Requirement: Reproduce the listing below from the line with "By achieving the" to the line with "11月24日,游客在湖北省宜", both lines included, character for character, minus any pictures.
*** Block opens ***
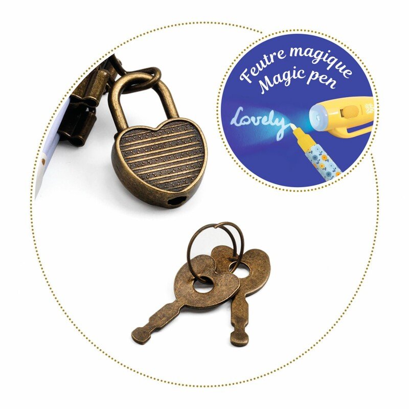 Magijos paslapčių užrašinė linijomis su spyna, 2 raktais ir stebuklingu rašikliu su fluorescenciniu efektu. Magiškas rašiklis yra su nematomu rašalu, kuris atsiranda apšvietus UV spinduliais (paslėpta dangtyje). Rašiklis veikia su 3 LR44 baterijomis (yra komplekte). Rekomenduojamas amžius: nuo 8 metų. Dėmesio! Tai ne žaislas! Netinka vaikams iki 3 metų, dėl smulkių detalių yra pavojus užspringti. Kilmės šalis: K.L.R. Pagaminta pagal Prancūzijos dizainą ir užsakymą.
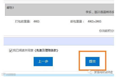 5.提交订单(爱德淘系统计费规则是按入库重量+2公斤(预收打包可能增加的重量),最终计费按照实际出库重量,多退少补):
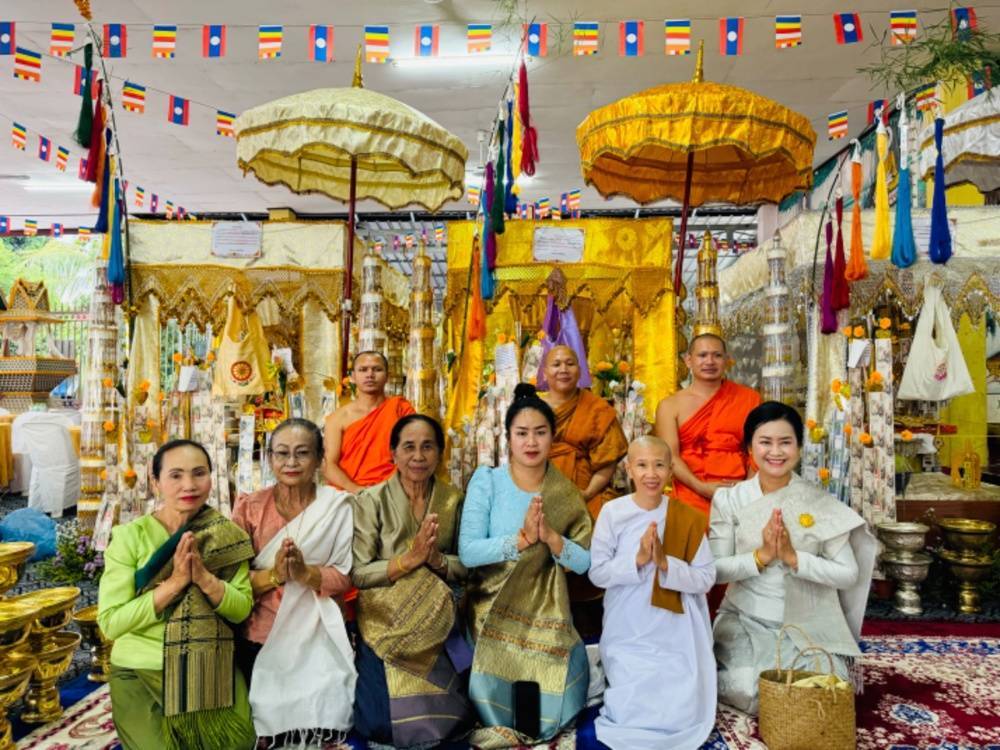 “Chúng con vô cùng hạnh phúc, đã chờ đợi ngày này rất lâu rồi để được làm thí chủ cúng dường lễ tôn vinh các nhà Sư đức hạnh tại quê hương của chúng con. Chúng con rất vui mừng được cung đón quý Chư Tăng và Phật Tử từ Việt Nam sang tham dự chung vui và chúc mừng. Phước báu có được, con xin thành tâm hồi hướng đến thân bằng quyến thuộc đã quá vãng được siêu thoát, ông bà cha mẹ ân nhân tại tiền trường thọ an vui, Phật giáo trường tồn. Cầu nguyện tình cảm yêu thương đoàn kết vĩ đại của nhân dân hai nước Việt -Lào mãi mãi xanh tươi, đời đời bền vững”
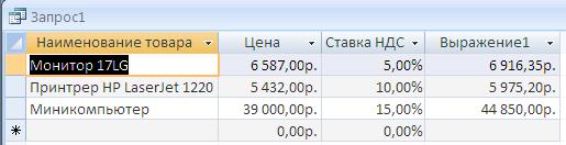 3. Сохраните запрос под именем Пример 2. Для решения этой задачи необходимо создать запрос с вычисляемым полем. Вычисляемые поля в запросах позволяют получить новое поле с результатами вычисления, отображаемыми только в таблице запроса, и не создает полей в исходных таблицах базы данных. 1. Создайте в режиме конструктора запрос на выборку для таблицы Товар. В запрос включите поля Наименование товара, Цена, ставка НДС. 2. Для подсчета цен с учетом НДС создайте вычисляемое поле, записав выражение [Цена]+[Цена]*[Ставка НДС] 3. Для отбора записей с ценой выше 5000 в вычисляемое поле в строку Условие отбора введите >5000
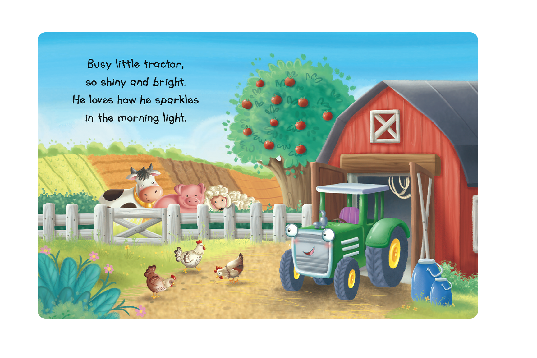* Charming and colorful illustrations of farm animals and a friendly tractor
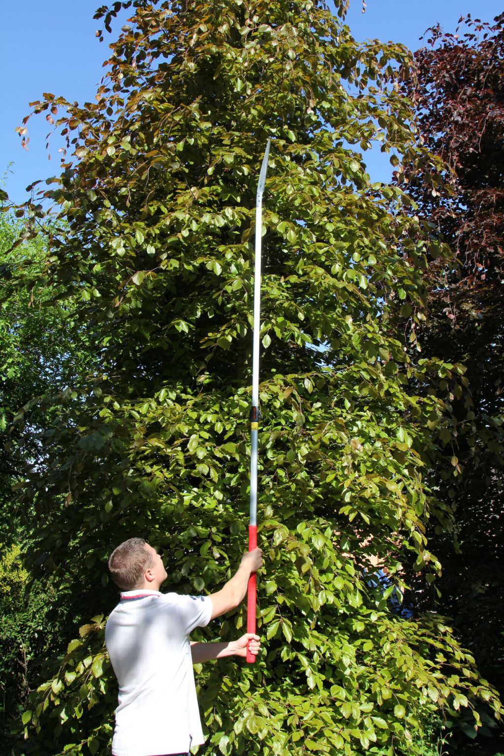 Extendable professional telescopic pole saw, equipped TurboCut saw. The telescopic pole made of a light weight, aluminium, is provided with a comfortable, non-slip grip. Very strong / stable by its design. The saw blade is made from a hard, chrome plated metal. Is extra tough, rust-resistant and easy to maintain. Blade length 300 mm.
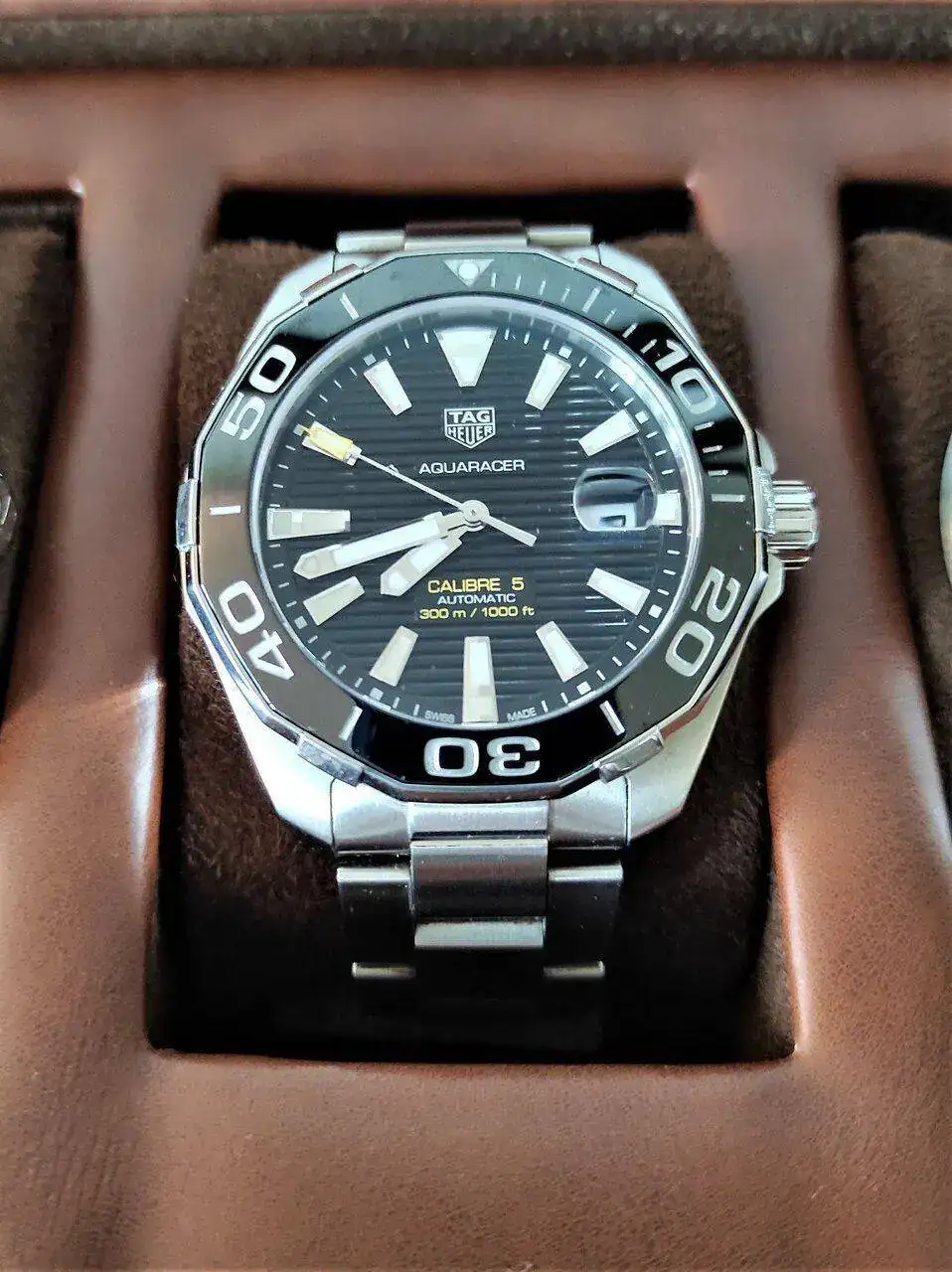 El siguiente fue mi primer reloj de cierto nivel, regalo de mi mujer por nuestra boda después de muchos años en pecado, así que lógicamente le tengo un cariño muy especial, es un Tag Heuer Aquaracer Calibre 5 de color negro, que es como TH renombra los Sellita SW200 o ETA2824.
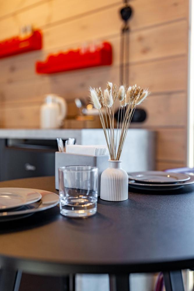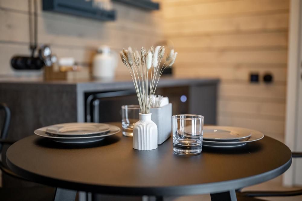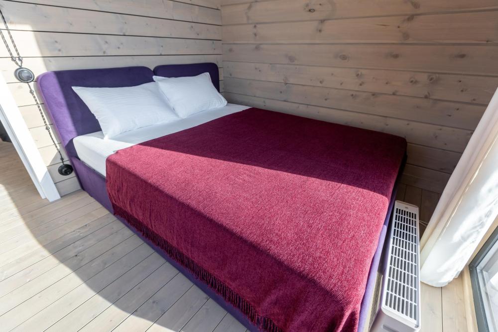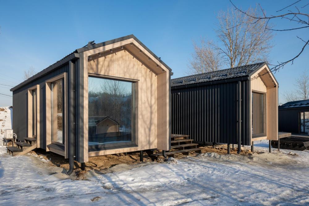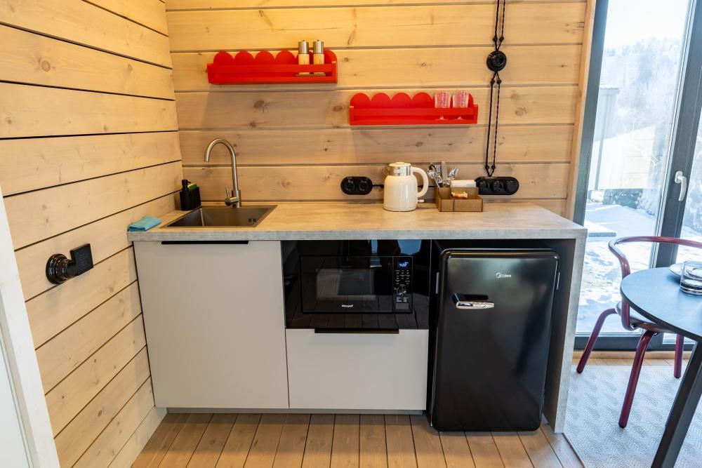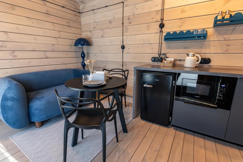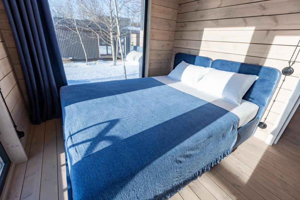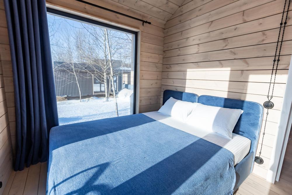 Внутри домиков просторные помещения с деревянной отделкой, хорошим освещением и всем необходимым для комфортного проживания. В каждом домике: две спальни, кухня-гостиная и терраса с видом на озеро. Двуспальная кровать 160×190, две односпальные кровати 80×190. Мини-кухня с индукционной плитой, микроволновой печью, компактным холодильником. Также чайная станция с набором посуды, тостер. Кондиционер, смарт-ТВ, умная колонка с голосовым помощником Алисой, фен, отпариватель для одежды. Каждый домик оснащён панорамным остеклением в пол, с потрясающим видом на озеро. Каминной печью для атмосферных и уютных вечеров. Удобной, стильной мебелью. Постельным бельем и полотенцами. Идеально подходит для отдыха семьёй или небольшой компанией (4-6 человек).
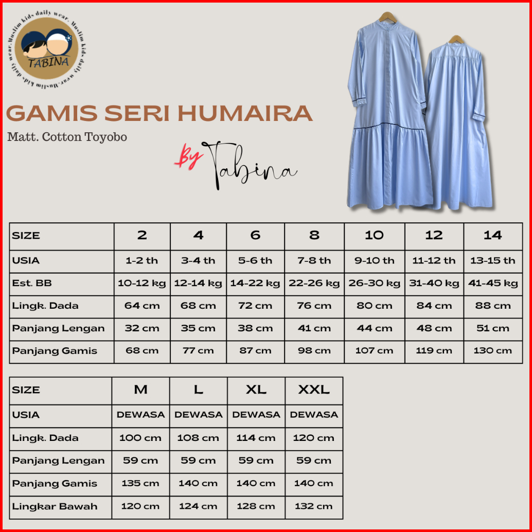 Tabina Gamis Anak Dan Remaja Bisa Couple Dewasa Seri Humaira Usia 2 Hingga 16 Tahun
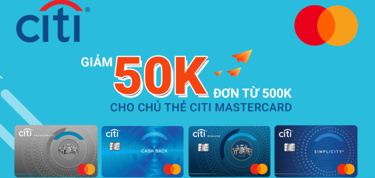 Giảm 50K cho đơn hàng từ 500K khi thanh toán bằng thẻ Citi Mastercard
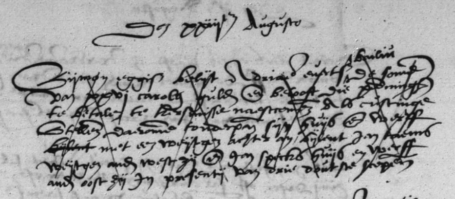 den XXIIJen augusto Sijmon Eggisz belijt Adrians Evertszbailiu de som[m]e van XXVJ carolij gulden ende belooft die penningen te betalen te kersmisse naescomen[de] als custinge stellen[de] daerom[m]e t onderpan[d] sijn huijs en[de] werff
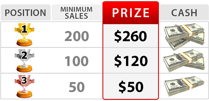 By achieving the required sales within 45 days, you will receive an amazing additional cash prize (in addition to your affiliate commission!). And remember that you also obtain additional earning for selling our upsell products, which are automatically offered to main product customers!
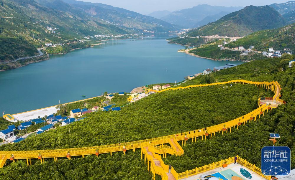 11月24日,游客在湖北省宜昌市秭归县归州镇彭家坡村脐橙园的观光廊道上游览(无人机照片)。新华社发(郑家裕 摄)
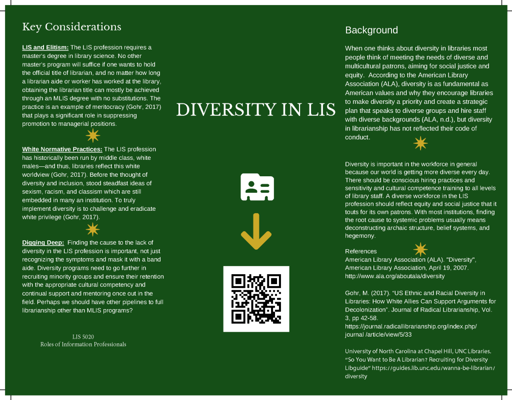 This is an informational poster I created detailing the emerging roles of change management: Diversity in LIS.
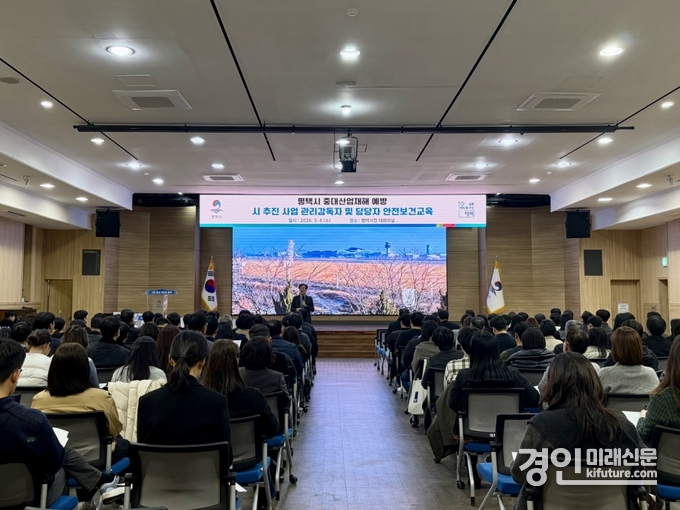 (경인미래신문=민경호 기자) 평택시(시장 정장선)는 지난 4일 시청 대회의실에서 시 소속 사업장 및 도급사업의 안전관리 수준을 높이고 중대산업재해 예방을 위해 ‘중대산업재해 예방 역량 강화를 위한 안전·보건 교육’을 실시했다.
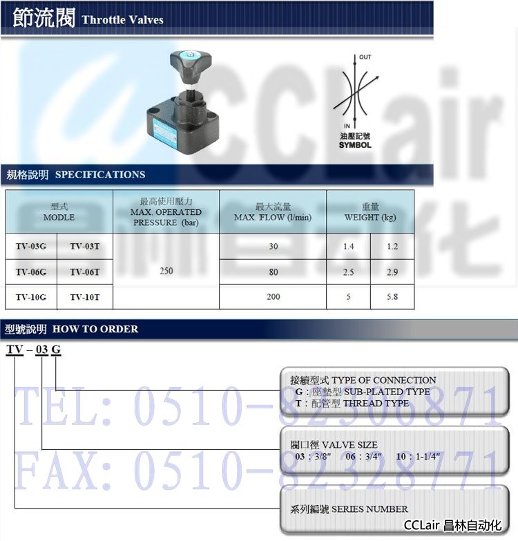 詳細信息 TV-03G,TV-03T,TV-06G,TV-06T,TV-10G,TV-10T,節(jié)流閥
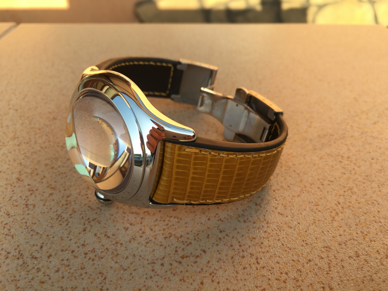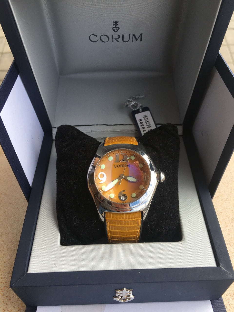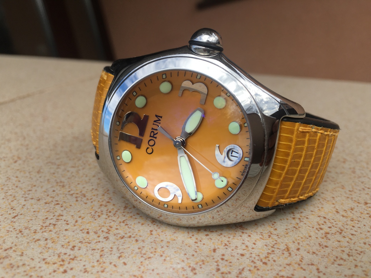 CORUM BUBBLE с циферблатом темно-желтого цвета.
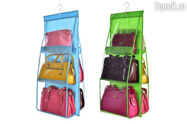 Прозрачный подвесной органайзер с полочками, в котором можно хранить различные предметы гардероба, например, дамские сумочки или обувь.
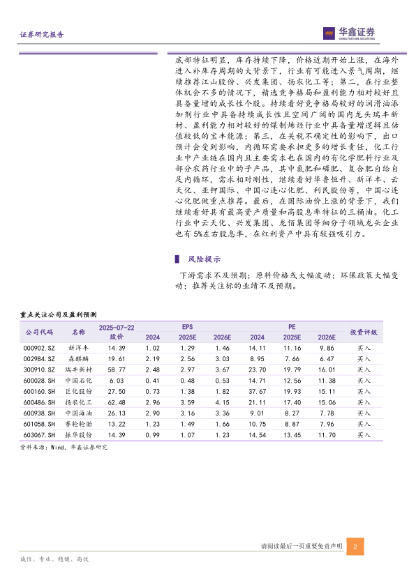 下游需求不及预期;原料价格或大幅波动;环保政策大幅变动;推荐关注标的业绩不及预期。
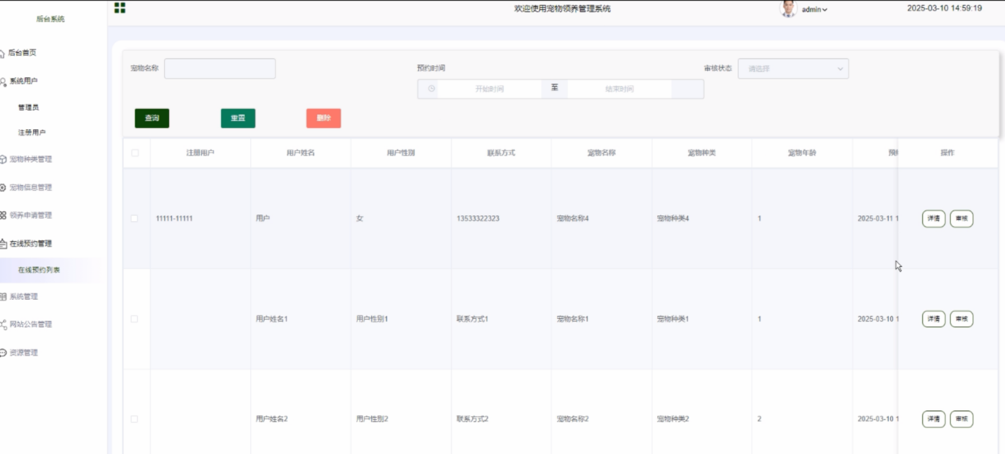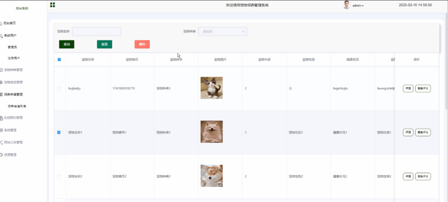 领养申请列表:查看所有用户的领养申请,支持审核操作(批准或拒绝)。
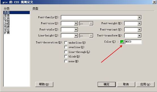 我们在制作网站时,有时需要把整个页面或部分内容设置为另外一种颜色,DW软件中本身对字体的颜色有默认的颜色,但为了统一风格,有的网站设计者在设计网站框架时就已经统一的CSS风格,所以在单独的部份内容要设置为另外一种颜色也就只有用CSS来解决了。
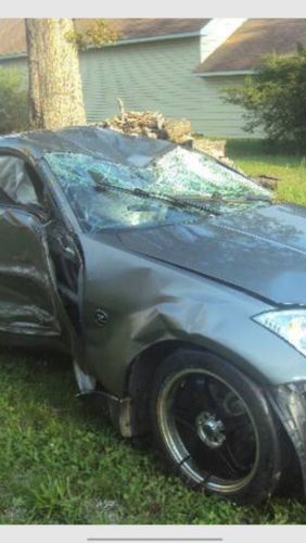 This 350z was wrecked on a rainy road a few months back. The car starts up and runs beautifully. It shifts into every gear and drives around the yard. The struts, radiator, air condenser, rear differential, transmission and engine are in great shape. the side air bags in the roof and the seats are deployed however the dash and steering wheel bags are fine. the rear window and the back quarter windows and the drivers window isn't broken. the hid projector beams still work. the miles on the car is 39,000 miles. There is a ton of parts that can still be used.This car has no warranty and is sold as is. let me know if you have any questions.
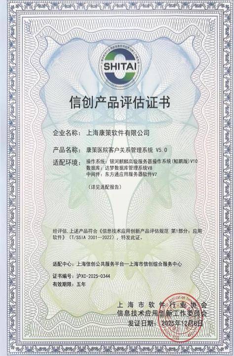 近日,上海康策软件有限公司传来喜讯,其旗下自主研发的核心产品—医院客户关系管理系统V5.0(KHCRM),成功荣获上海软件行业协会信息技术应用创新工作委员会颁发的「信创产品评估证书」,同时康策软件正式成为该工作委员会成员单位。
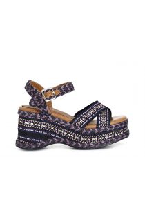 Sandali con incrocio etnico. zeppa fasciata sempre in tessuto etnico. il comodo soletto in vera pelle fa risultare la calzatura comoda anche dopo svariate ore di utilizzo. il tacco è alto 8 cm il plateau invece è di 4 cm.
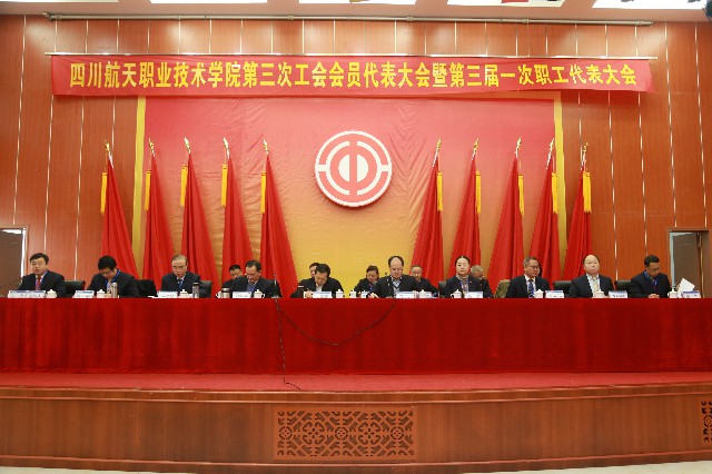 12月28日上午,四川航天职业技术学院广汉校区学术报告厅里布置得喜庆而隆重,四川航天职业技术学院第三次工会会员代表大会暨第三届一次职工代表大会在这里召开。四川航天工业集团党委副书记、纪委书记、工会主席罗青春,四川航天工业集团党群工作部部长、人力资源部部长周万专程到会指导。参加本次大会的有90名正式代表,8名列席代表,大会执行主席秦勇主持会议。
*** Block closes ***
Answer below:
 By achieving the required sales within 45 days, you will receive an amazing additional cash prize (in addition to your affiliate commission!). And remember that you also obtain additional earning for selling our upsell products, which are automatically offered to main product customers!
 11月24日,游客在湖北省宜昌市秭归县归州镇彭家坡村脐橙园的观光廊道上游览(无人机照片)。新华社发(郑家裕 摄)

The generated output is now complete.